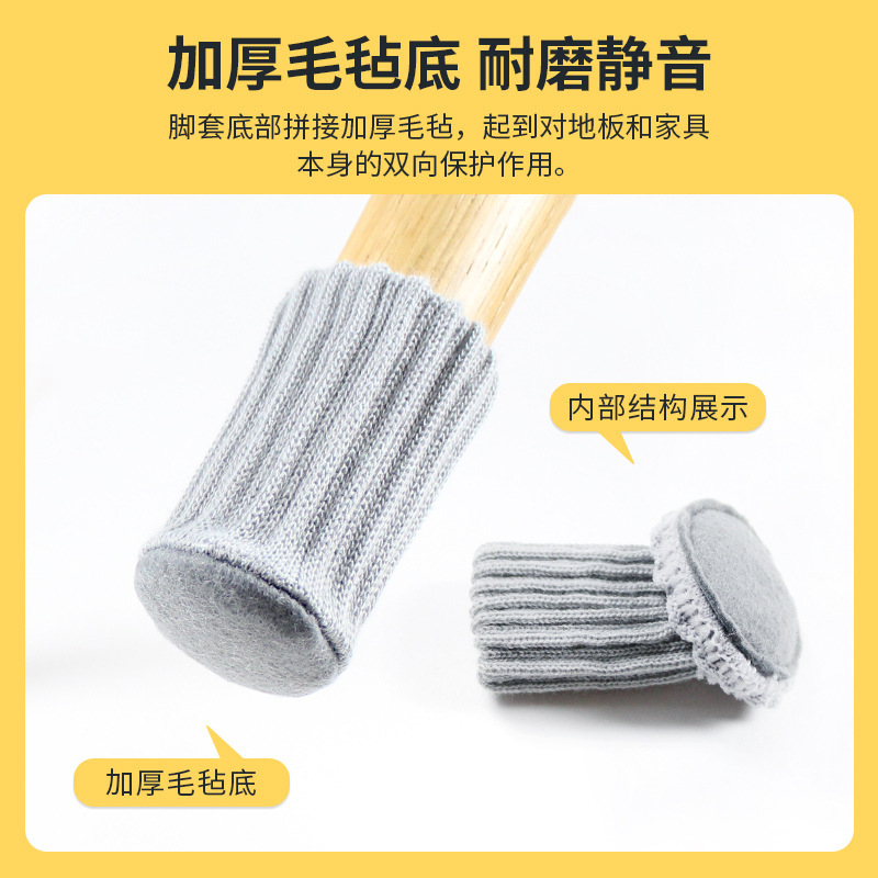 더블 레이어 니트 두꺼운 스티칭 라운드 하단 미끄럼 방지 테이블 의자 발 커버 의자 다리 보호 발 커버 4 in/set 가격
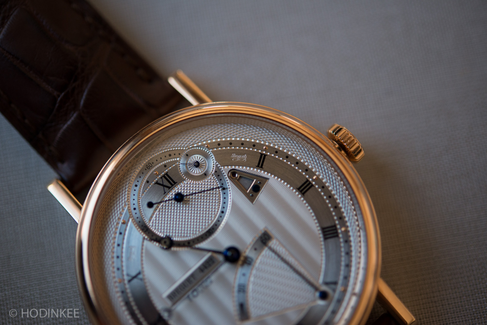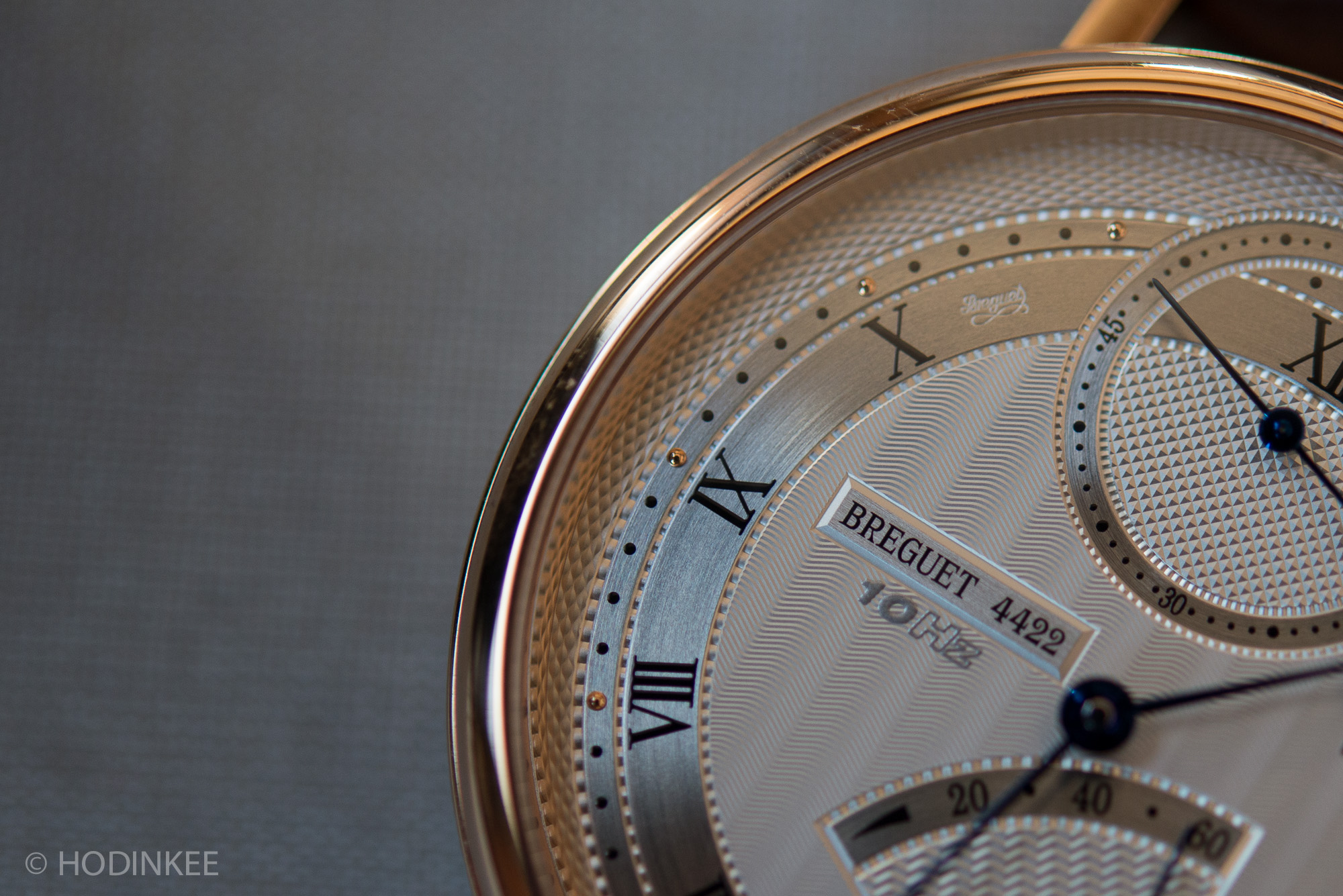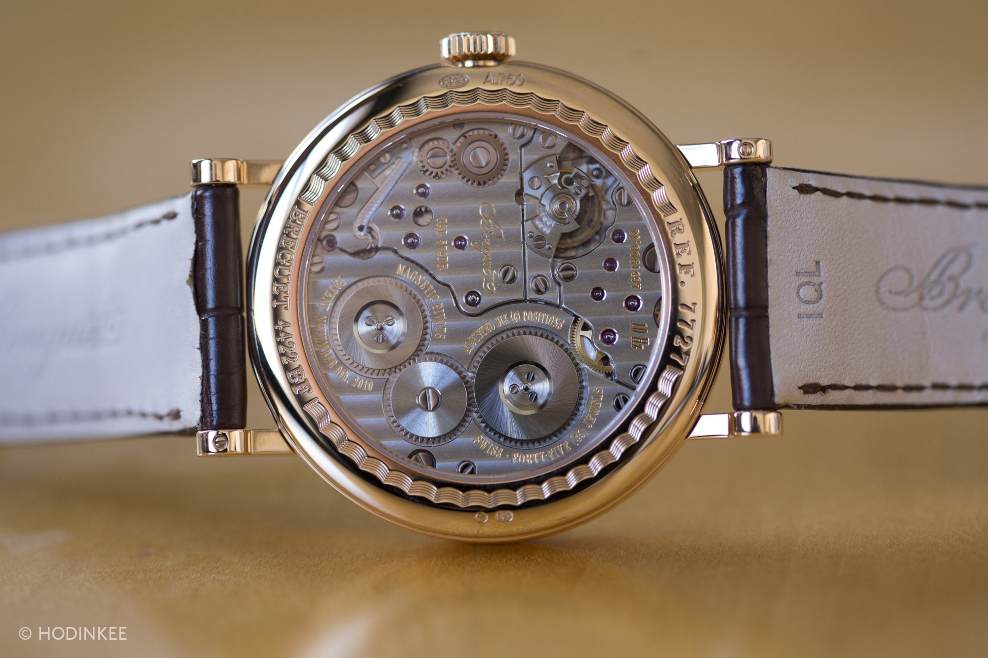 So you have all these traditional types of dial work and then you have a few things that seem a little callous. The 10 Hz label not only seems unnecessary, but is also a little jarring in that hyper-modern font set just under the Breguet signature. Now I understand the need to label technically interesting watches – the average consumer doesn't read HODINKEE (yet!) and has no idea that this watch offers some cool things on the movement side. It's the same reason JLC's new Geophysic reads "Tru-Beat" on the dial – people need to know there is something special about the watch from three feet away. But the 7727 seems different – it's a watch that takes a lot of explanation to understand, and it's one that to me is clearly geared towards gear heads and connoisseurs.
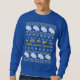Loaves of bread and menorahs and stars and dreidels make up this "ugly Hanukkah sweater".
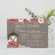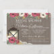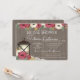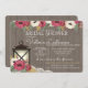 Burgundy, maroon and gold flowers and lantern bridal shower invitation with country barn wood and lace for a boho, rustic, country elegant bridal shower.
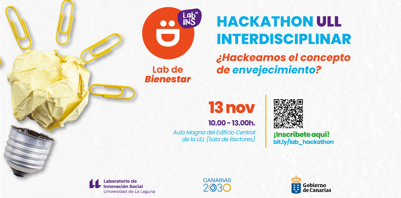 ¿Y si nos atrevemos a hackear el envejecimiento? Desde el Laboratorio de Innovación Social de la Universidad de La Laguna (LabINS ULL) te invitamos al «HACKATHON ULL Interdisciplinar: ¿Hackeamos el concepto de envejecimiento?» en el que alumnado y profesorado de distintas titulaciones de nuestra universidad reflexionarán y trabajarán juntas en grupos mixtos con el objetivo de reformular el concepto del envejecimiento.

+ + + + + + +

• _Instructions for the task_:
For the material above, repeat each line exactly and leave out the pictures.

• _Task result_:
 더블 레이어 니트 두꺼운 스티칭 라운드 하단 미끄럼 방지 테이블 의자 발 커버 의자 다리 보호 발 커버 4 in/set 가격
 So you have all these traditional types of dial work and then you have a few things that seem a little callous. The 10 Hz label not only seems unnecessary, but is also a little jarring in that hyper-modern font set just under the Breguet signature. Now I understand the need to label technically interesting watches – the average consumer doesn't read HODINKEE (yet!) and has no idea that this watch offers some cool things on the movement side. It's the same reason JLC's new Geophysic reads "Tru-Beat" on the dial – people need to know there is something special about the watch from three feet away. But the 7727 seems different – it's a watch that takes a lot of explanation to understand, and it's one that to me is clearly geared towards gear heads and connoisseurs.
Loaves of bread and menorahs and stars and dreidels make up this "ugly Hanukkah sweater".
 Burgundy, maroon and gold flowers and lantern bridal shower invitation with country barn wood and lace for a boho, rustic, country elegant bridal shower.
 ¿Y si nos atrevemos a hackear el envejecimiento? Desde el Laboratorio de Innovación Social de la Universidad de La Laguna (LabINS ULL) te invitamos al «HACKATHON ULL Interdisciplinar: ¿Hackeamos el concepto de envejecimiento?» en el que alumnado y profesorado de distintas titulaciones de nuestra universidad reflexionarán y trabajarán juntas en grupos mixtos con el objetivo de reformular el concepto del envejecimiento.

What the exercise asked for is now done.